Foster's work involved editing documents about the church in 16th- and 17th-century Lincolnshire, and also the county and diocese's medieval records, the latter of which became his focus in the 1920s. He produced a calendar of 13th-century feet of fines from Lincolnshire in 1920, and then (with Canon Thomas Longley) an edition of the Lincolnshire sections of the Domesday survey, with an edition of the Lindsey Survey and a useful introduction on the county's lost settlements. Finally, he began a project to publish every document dating from before 1235 in the muniments of the Dean and Chapter of Lincoln. What followed was a careful and scholarly series of editions of these documents, three volumes of which were published before he died, and a further seven were continued thereafter by Kathleen Major, all under the title Registrum Antiquissimum, the name given to a 13th-century cartulary in the collection.
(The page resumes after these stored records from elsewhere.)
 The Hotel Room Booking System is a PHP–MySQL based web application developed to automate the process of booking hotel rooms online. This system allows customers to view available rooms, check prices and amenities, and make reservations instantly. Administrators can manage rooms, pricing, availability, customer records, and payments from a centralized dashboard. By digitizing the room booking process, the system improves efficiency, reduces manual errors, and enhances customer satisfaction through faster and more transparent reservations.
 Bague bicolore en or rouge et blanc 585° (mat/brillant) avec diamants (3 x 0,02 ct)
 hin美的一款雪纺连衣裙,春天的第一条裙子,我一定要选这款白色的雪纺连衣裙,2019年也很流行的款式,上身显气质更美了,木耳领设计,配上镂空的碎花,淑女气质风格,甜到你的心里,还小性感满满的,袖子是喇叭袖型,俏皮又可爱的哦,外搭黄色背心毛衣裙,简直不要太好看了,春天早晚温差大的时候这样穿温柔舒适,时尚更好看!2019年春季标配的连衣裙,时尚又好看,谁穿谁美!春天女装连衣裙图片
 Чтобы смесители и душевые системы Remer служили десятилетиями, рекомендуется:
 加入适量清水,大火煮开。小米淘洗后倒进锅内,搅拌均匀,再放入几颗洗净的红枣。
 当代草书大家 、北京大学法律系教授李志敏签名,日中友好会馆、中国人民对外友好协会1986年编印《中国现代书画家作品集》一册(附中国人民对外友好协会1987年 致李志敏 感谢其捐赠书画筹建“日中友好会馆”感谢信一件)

This alerted many scholars to the range of this archive; as the medievalist Frank Stenton wrote, "under his treatment, the archives of Lincoln Cathedral became national records". Foster also published genealogical records; he continued to produce his calendar of Lincolnshire wills, and wrote a history of Aisthorpe and Thorpe-in-the-Fallows.
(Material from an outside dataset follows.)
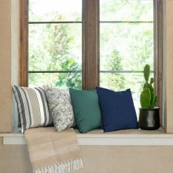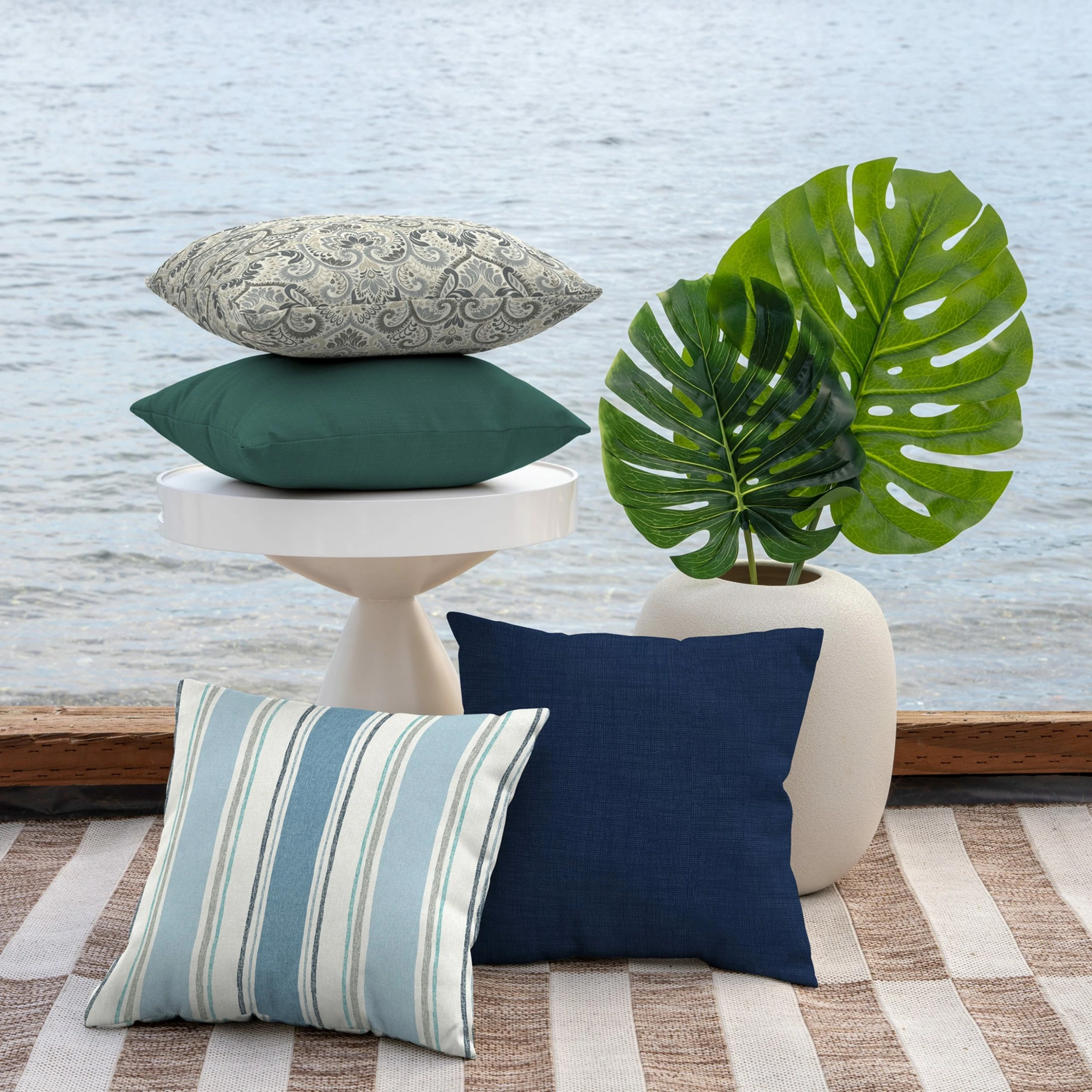 The Arden Selections Outdoor Throw Pillow, set of 2 is the perfect way to add a pop of color and personality to any outdoor furniture or cushions. These 2 packs of pillows come in a wide variety of colors and patterns, so you can mix and match them in any way to put your personal touch on your outdoor furniture set. Each pillow measures 16″W x 16″L x 5″T and has a clean, knife-edge seam that creates a simple and modern look.The durable, weather-resistant polyester fabric ensures vibrant colors through the season and offers easy cleaning with just soap and water. We use 100% polyester fill inside our outdoor pillows to help retain shape and maintain long-lasting comfort and support during outdoor use. This outdoor pillows are UV treated and are intended for use on your patio or deck, however we recommend bringing them indoors when it rains or when not in use to preserve their lifespan and keep them looking beautiful.
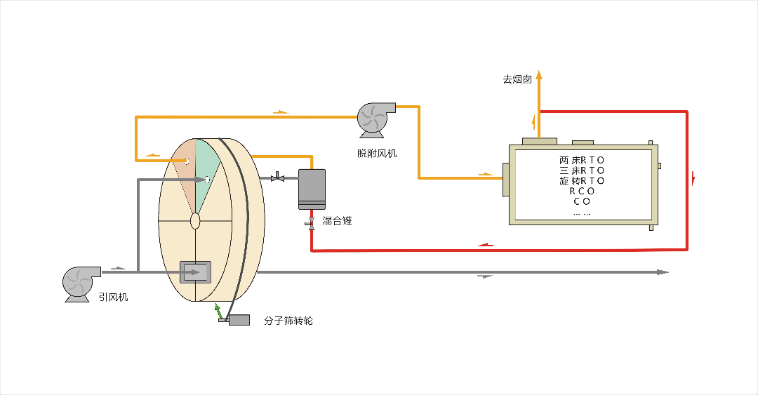 圖-1 Napotec?分子篩轉(zhuǎn)輪+氧化單元組合工藝圖

== Recognition and legacy ==
Foster was elected a fellow of the Society of Antiquaries of London in 1910 and a fellow of the Royal Historical Society in 1919. In 1933, he was awarded an honorary Doctor of Letters degree by the University of Oxford.

Foster died on 29 October 1935. His obituary in The Times noted Foster's "profound and detailed knowledge of medieval Lincolnshire". As Frank Stenton wrote, "It is undoubtedly through the new materials which he made available to historians that Canon Foster contributed most to knowledge. But it should also be remembered that he saved innumerable documents from destruction or decay ... through him the records which illustrate [Lincolnshire's] past have become part of the fabric of English history". Kathleen Major also described him as a "pioneering archivist".

== Bibliography ==
- Bennett, Nicholas, Wonderful to Behold: A Centenary History of the Lincoln Record Society, 1910–2010, Publications of the Lincoln Record Society, no. 100 (Woodbridge: Boydell and Brewer for the Lincoln Record Society, 2010).
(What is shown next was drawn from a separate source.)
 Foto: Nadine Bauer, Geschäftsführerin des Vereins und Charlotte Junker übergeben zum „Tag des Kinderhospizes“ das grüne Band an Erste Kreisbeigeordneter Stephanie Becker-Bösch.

- Major, Kathleen, "Canon Charles Wilmer Foster, MA, Hon DLitt (Oxon), FSA: A Pioneer Archivist and Editor of Records", Archives, vol. 18 (1987), pp. 42–49.
- Stenton, F. M., "Charles Wilmer Foster", in C. W. Foster and Kathleen Major (ed.), The Registrum Antiquissimum of the Cathedral Church of Lincoln, vol. 4, Publications of the Lincoln Record Society, no. 32 (Hereford: Hereford Times Ltd for the Lincoln Record Society, 1937), pp. xi–xvi.